Lawrence Findley larryfindley at yahoo.com
Fri Aug 6 00:45:17 CEST 2010


Thank you, Ethan for your response. 
The CGI reads status.dat. 

Here are some lines from one of the blocks:
servicestatus {
        host_name=wtf3a
        service_description=check_ses
        modified_attributes=0
        check_command=check_ddnfaults_ses
        check_period=24x7
        notification_period=24x7
        check_interval=5.000000
        retry_interval=1.000000
        event_handler=
        has_been_checked=1
        should_be_scheduled=1
        check_execution_time=46912587.078
        check_latency=0.399
        check_type=0
        current_state=0
        last_hard_state=0
        last_event_id=87848
        current_event_id=87862
        current_problem_id=0
        last_problem_id=43437
        current_attempt=1
        max_attempts=3
        state_type=1
        last_state_change=1280725323
        last_hard_state_change=1280082023
        last_time_ok=1281047224
        last_time_warning=0
        last_time_unknown=1280725253
        last_time_critical=1280081723
        plugin_output=CHECK_DDN_ENCLOSURE OK - No errors were found.
***

Please notice the check_execution time as more than a year in seconds. 

I don't see anything time-change related in the logs.
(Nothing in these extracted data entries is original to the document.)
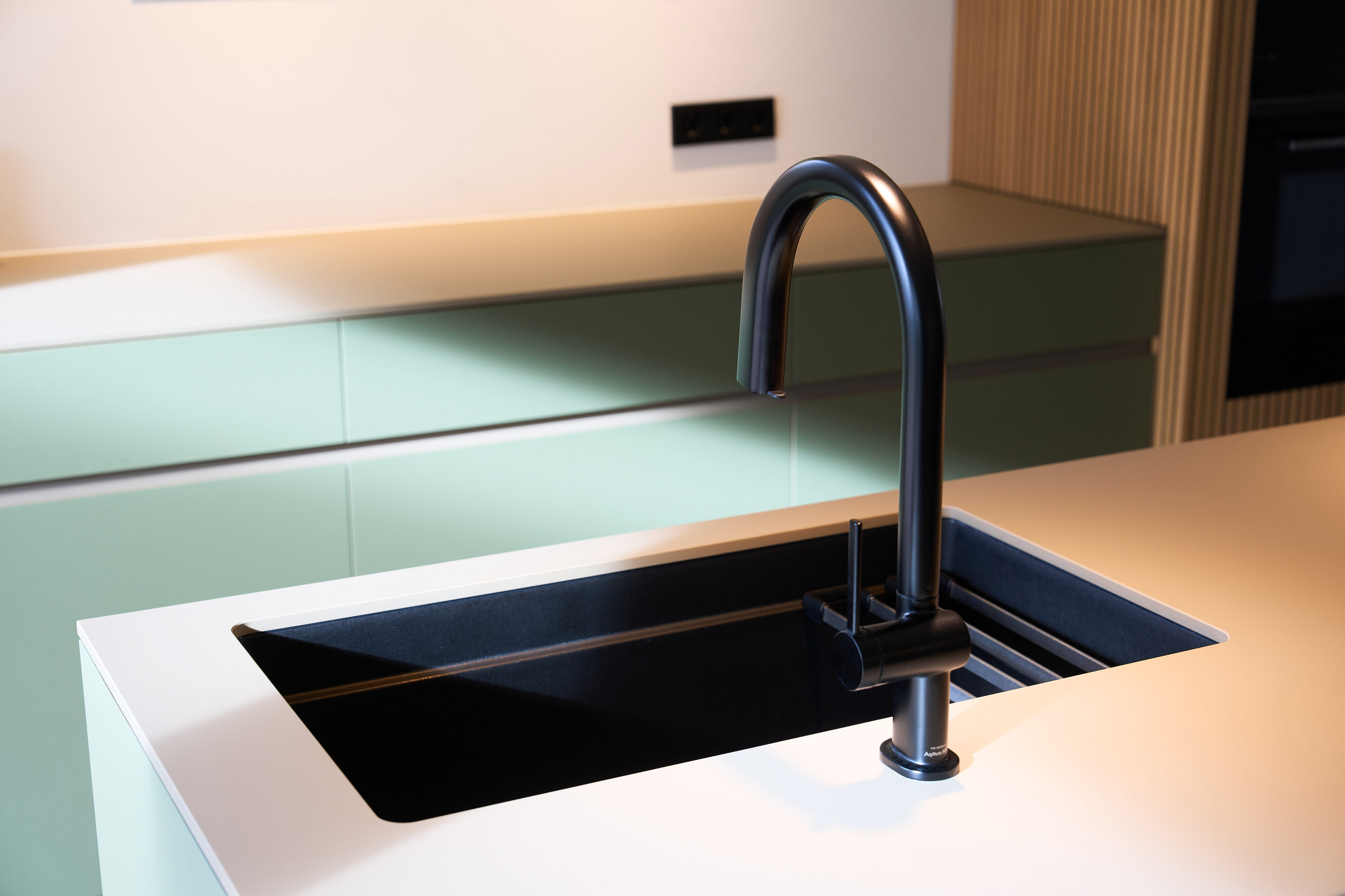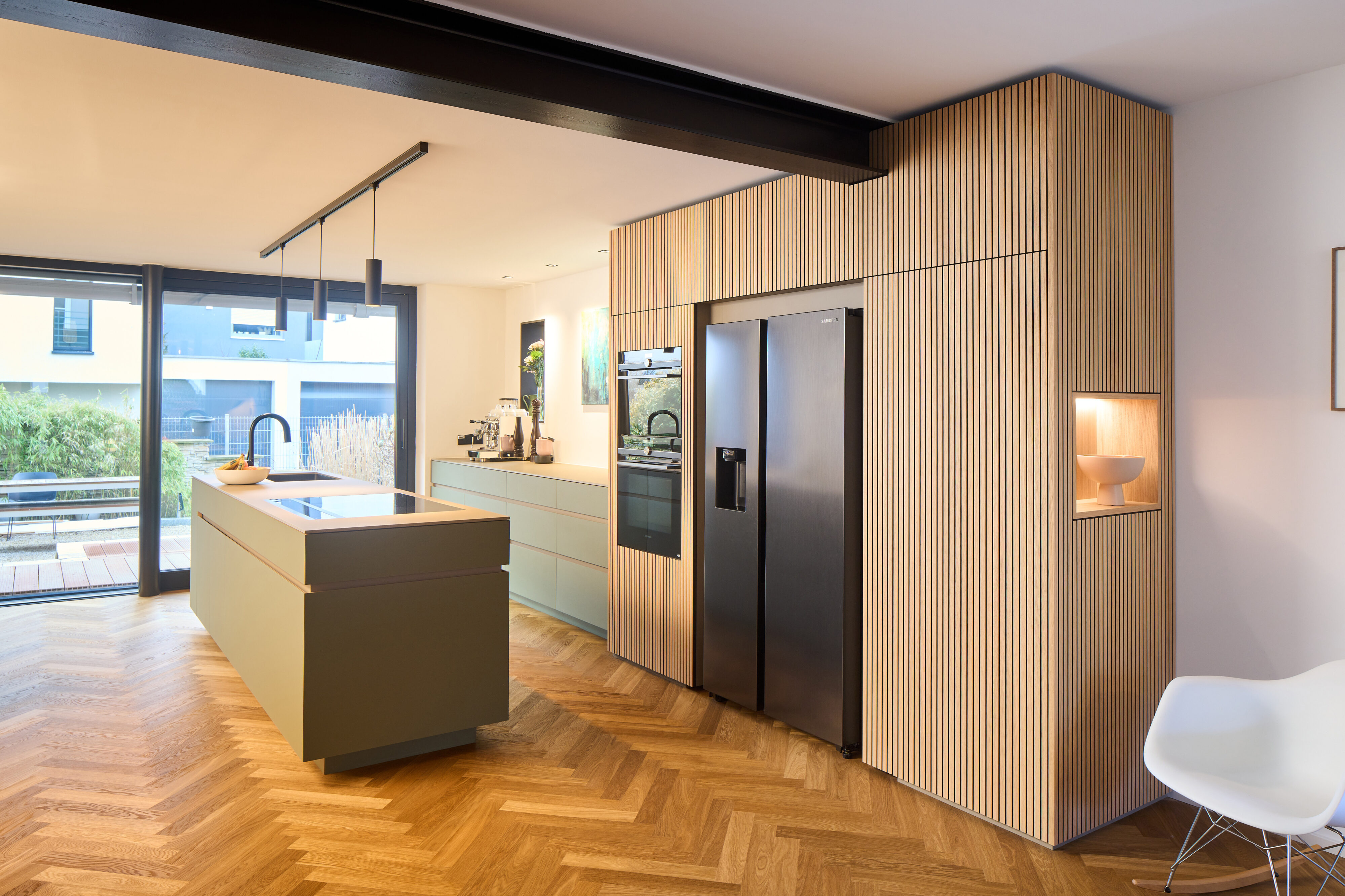 Der Entwurf dieser Küche entwickelte sich aus einer von Beginn an feststehenden Geräteauswahl. Der freistehende Kühlschrank bildete dabei den Ausgangspunkt. Dieser wurde mit Dampfgarer und Backofen in das in Eichen Lamellen Optik gestaltete Hochschrankelement integriert. Dazu kamen das groß dimensionierte Kochfeld mit frei nutzbaren Zonen, der dahinterliegende Down-Draft-Abzug sowie die Armatur mit Trinkwasserbereitung, welche in eine großzügig gestaltete Kochinsel eingefügt wurden, die die Funktionen bündelt und dem Raum eine klare Struktur gibt. Diese wurde in olivfarbenem Desktop-Linoleum ausgeführt. Die Kombination aus ruhiger Farbfläche und der vertikalen Gliederung der Lamellen verleiht der Küche eine ausgewogene und wohnliche Anmutung. So entstand ein zurückhaltender, präzise geplanter Küchenraum, der die technischen Anforderungen selbstverständlich aufnimmt und in ein stimmiges Gesamtbild überführt.
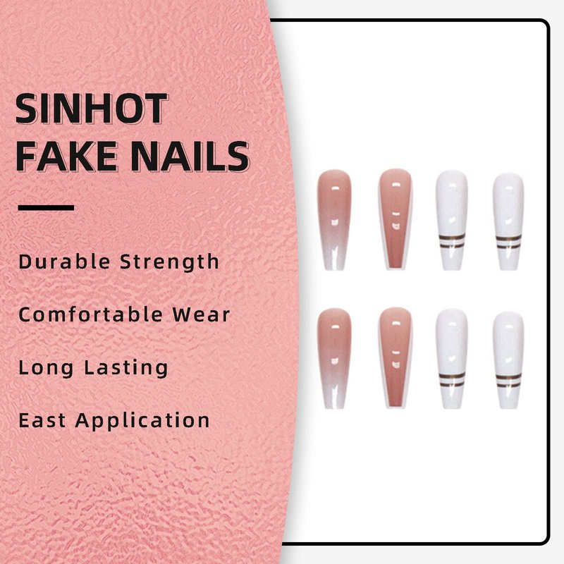 SINHOT Medium Coffin Press on Nails Ballerina Fake Nails Glossy Glue on Nails Gold Line Acrylic Nails with White Gradient False Nails Designs 24 pcs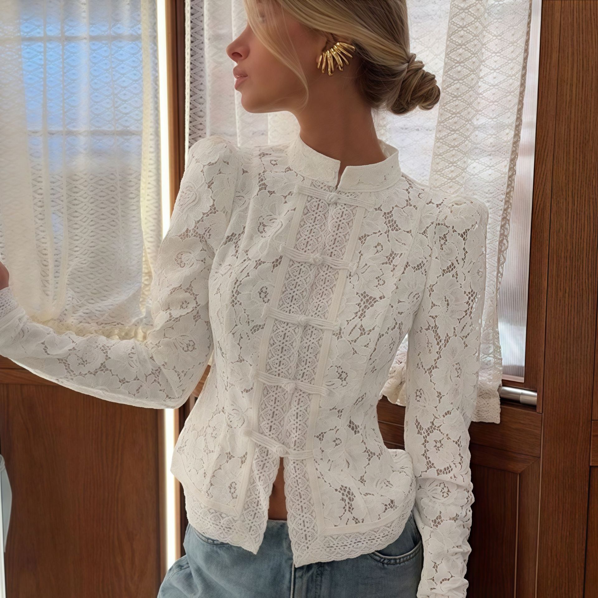 Kemeja renda kerah kecil model baru Eropa dan Amerika dari AliExpress dengan kancing pengencang pinggang, atasan berongga yang serbaguna dan modis, dapat bernapas, 2025.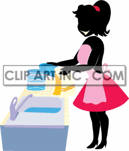Kitchen sink clipart: dishes kitchen female sink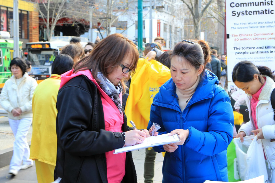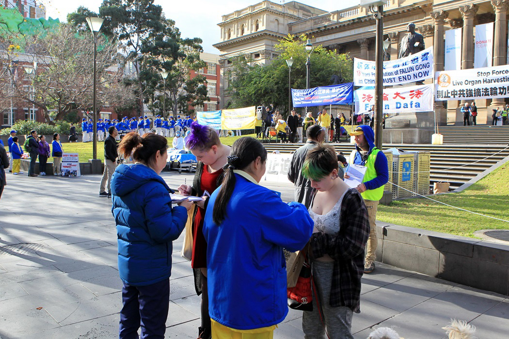 当天的集会吸引了各族裔民众驻足观看。很多法轮功学员向市民传递法轮功受迫害的资料。市民了解到真相后,都表示非常震惊,并纷纷在停止迫害征签表上签名表示支持。

After I filter out 
host/service alerts/notifications, nothing but auto-saves and start/stop 
information remain as follows: 


[1281028702] Auto-save of retention data completed successfully.
[1281028706] Caught SIGTERM, shutting down...
[1281028706] Successfully shutdown... (PID=6509)
[1281028706] Event broker module '/usr/local/nagios/modules/dnxServer.so' 
deinitialized successfully.
[1281028727] Nagios 3.2.1 starting... (PID=28820)
[1281028727] Local time is Thu Aug 05 10:18:47 PDT 2010
[1281028727] LOG VERSION: 2.0
[1281028727] Event broker module '/usr/local/nagios/modules/dnxServer.so' 
initialized successfully.
[1281028728] Finished daemonizing... (New PID=28821)
[1281028763] EXTERNAL COMMAND: 
SCHEDULE_FORCED_SVC_CHECK;nagios06;check_app_java_cluster;1281028760
[1281029029] Auto-save of retention data completed successfully.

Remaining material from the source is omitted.